Don't understand clipper circuit

i've only drawn the necessary stuff to show half a cycle.

i don't understand how the battery acts to limit the voltage at V_out. how does battery counteract the part of the cycle where V_in > V_battery? for this part of the cycle shouldn't it be V_in - V_b?

jim hardy
Gold Member
Dearly Missed
Write Kirchoff's Voltage Law around the loop Vout-diode-battery....

NascentOxygen
Staff Emeritus
As Jim said. When the diode is conducting, what is the sum of the voltages : Vbattery + Vdiode?

what about the outer loop? what is happening to V_source?

and is the resistor absolutely necessary?

and is the resistor absolutely necessary?
What do you think, what's going on with current when diode conducts and the resistor value is R=0 Ω ?

Your output voltage should be the rightmost one. In the diagram, the one V(out) you have written in black.

When V(in) < V(b) then the diode won't be forward biased and won't conduct. So the output voltage is V(in). There is no voltage drop across the resistor, since no current is flowing across it.

When V(in)>V(b) then the diode will be forward biased and will conduct. So the output voltage will be V(b). When forward biased the drop across diode is around 0.4 or 0.7V.

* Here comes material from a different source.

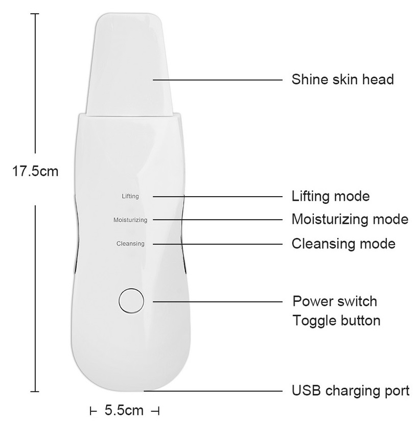 Η συσκευή θα σας βοηθήσει να αφαιρέσετε τους ρύπους από το δέρμα σας χάρη στους κραδασμούς υψηλής συχνότητας. Είναι κατασκευασμένη από ανοξείδωτο ατσάλι και είναι ασφαλής για το ευαίσθητο δέρμα. Χρησιμοποιήστε τη σε υγρό δέρμα και αφήστε τη να αφαιρέσει τους ρύπους, τη λιπαρότητα και τα μαύρα στίγματα για ένα βαθύ καθαρισμό δέρματος.

The battery does counteract the input voltage, which is reflected across the resistance. Think of it as cold water flowing from V(input). There is a thermometer at Resistance and hot source of water from V(b). The difference of temperature is reflected at the thermometer but the temperature of either source of water won't change. So if you place another thermometer across the cold source of water, you will get the cold water's termperature.